Jak pokazują dane z ostatniego roku, ceny aut elektrycznych zmalały i to dość dużo, jednak nie wszyscy producenci poszli tą drogą, co może dziwić i to nawet bardzo.
Jak się okazuje i można się było domyślić, liderem obniżek jest Tesla, której to auta od lipca 2022 roku potaniały aż o 19,9%. To ogromna różnica. 1/5 ceny to redukcja na którą po pierwsze nie zdecydował się żaden inny producent, a po drugie to narzędzie które wytrąciło oręż konkurencji w walce o palmę pierwszeństwa na rynku EV.

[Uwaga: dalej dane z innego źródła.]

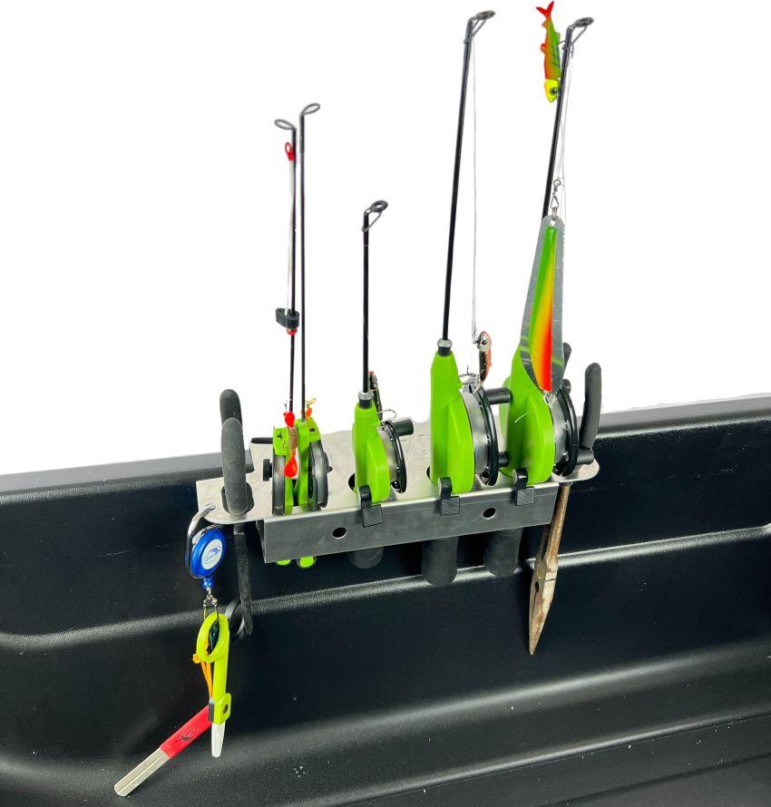 Kesällä telineen saa kiinnitettyä kaidekiinnikkeillä veneeseen ja löytyypä siitä valmiit ruuvireiät myös seinäkiinnitykseen. Tää meidän Mini on siis melkoisen monipuolinen ratkaisu kalastusvälineiden säilyttämiseen ja kuljettamiseen. Ruuviton kiinnitys soveltuu maksimissaan 4cm paksuiseen reunukseen ja paketissa mukana tulevien ruuvien ansiosta kiinnittäminen onnistuu tukevasti myös ohuempaan reunukseen.

Z firm które również obniżyły swoje ceny, mamy jeszcze japońską Hondę i chińskie Gelly. Te firmy zastosowały odpowiednio obniżki równe 2,6 oraz 2,4%. To właściwie kosmetyczne zmiany, jednak w dobrym kierunku.
Jak się okazuje reszta stawki albo nie zmieniła swoich cen, albo drastycznie je podniosła.
Mamy więc Teslę z redukcją ceny na poziomie 20%, a z drugiej strony producentów niemieckich, którzy nie wiem na co liczą, podnosząc swoje ceny odpowiednio:
BMW + 10,8%
Volkswagen Group + 14,2%
Mercedes + 18,8%
Inni jak Grupa Stellantis również podnieśli ceny ale tu podwyżka była niewielka bo „zaledwie” 3,7 procentowa.
Widocznie europejscy producenci niczego się nie nauczyli. Dziś nie wystarczy mieć gwiazdę na masce, czy być Niemieckim znanym producentem aby dyktować chore ceny za swoje samochody.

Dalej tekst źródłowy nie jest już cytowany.